Brad Pitt and Sir Ridley Scott’s son Jake are among those battling to bring Buckley, whose cascading melodies and emotional falsetto voice influenced artists including Radiohead and Coldplay, to the screen.

Jake Scott hoped that his film, Mystery White Boy, would be the “official” version. The music video director has the exclusive rights to Buckley’s music and personal archives, including permission from Sony Music to use “Hallelujah”, the singer’s show-stopping version of Leonard Cohen’s song, which he included in Grace.

Mary Guibert, Buckley’s mother, is executive producer and will be played in the film by Patricia Arquette. However, reports suggest that Scott has been bumped from the film in favour of a new director, Amy Berg. Reeve Carney, star of the U2-composed Broadway musical Spider-Man: Turn Off the Dark, was due to take the lead role, but he too may be replaced.

The first film to gain a widespread release will now be Greetings from Tim Buckley, which examines Jeff’s relationship with a father he barely knew. Tim Buckley was a pioneering folk-rock singer during the Sixties, who mixed jazz and psychedelia, before dying of a drug overdose, aged 28.

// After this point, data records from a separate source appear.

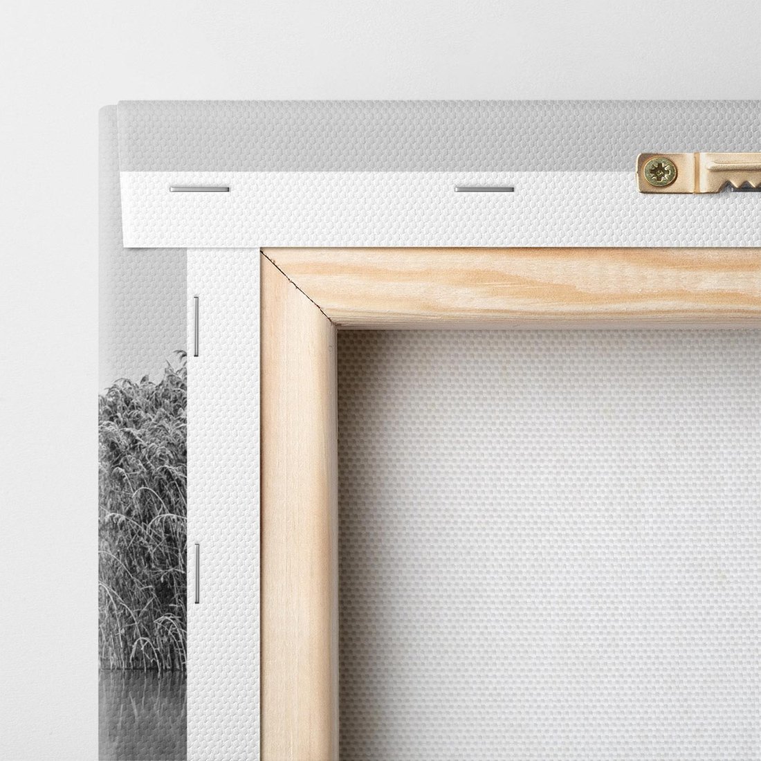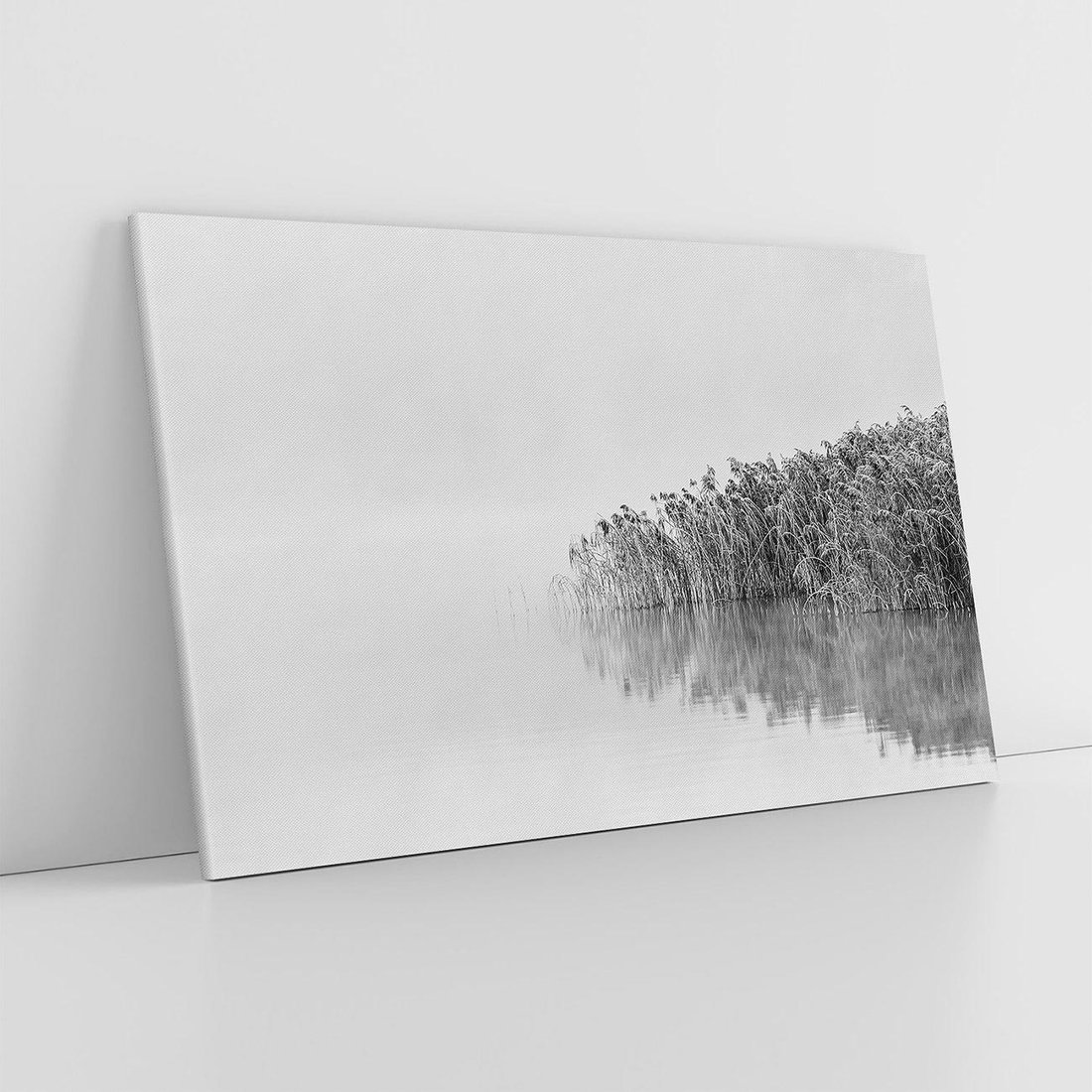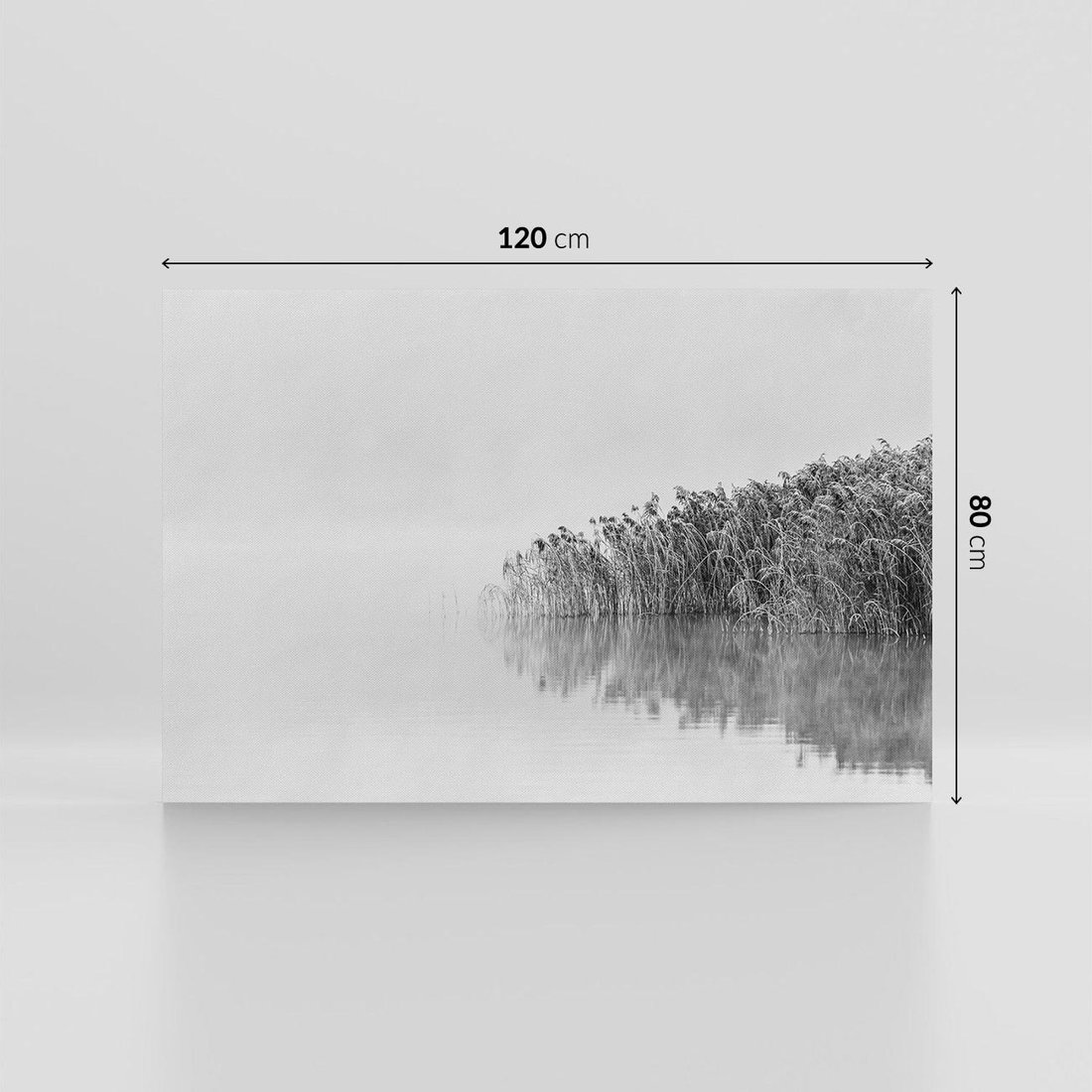 Obraz na płótnie 120x80 - Mglisty Brzeg Jeziora - czarno białe zdjęcie, zamglone jezioro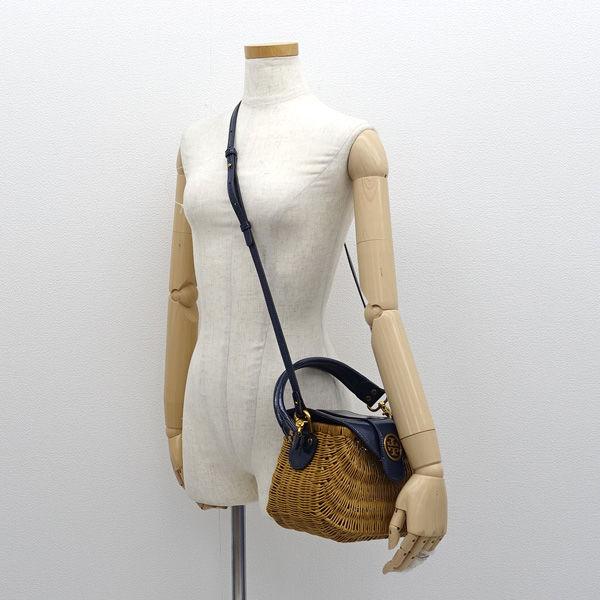 ・メーカー :TORY BURCH / トリーバーチ・サイズ :横幅(W) (約cm):22,高さ(H) (約cm):16,奥行(D) (約cm):17,持ち手 (約cm):43,ショルダー (約cm):127-140,総重量 (約g):670,オープンポケット(内):1,・色(柄)の系統:ネイビー ブラウン・デザイン :かごバッグ・付属品 :なし-------------商品状態-------------・ランク :A・詳細 :スレ、若干の変色等、一般的な使用感があります。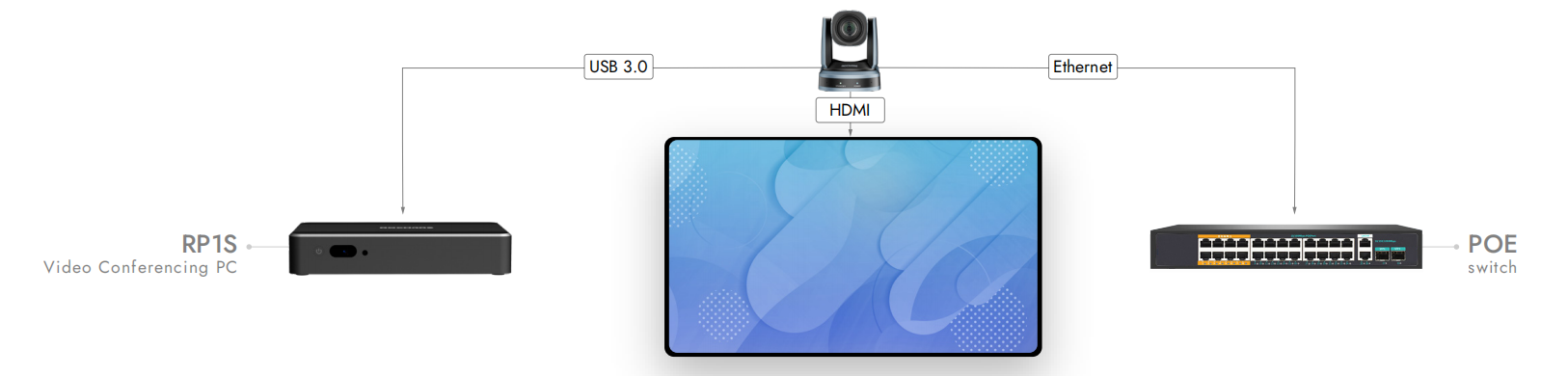 Deze camera ondersteunt HDMI, USB3.0 en netwerkinterfaces om gelijktijdig 4K ultra-hoge definitie videostreams uit te voeren, waardoor hij compatibel is met verschillende conferentieterminals die verschillende interfacevereisten hebben.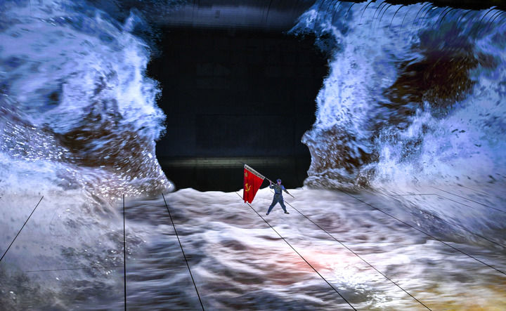 演员在贵州长征文化数字艺术馆进行《红飘带·伟大远征》表演(2025年11月15日摄)。新华社记者 杨文斌 摄

Directed by Daniel Algrant, the film stars Penn Badgley, from the hit US teen drama series Gossip Girl, as Jeff. Badgley took singing and guitar lessons for the film, which portrays Buckley’s preparation for his public singing debut, a 1991 tribute show to his father, which alerted the music world to a new talent. A video of Badgley singing “Lilac Wine”, a 1950s standard covered by Buckley, was posted online to demonstrate the actor’s grasp of his character’s distinctive four-octave vocal range.

The British singer Kate Nash also appears in the film, which features original Tim Buckley music, approved by his father’s estate and which premiered at the Toronto International Film Festival to a positive response.

The tribute concert was also set to be the centrepiece of a third film, A Pure Drop, from Australian director Brendan Fletcher, based on a 2008 biography, A Pure Drop: The Life of Jeff Buckley by Jeff Apter, a former music editor for Australian Rolling Stone.

Brad Pitt looks set to be the loser in the Buckley biopic race. The star, who claimed to be obsessed with Buckley’s music, lobbied Guibert to give him exclusive rights over several years. She is said to have rejected the scripts he proposed because they strayed too far from reality.

Jeff’s mother has proved an obdurate guardian of his legacy, rejecting another script because it imagined an LSD-hallucination of a meeting between Tim Buckley and her son. A proposal backed by Tobey Maguire’s production company also displeased Guibert, who insisted that her son never had drug or alcohol issues.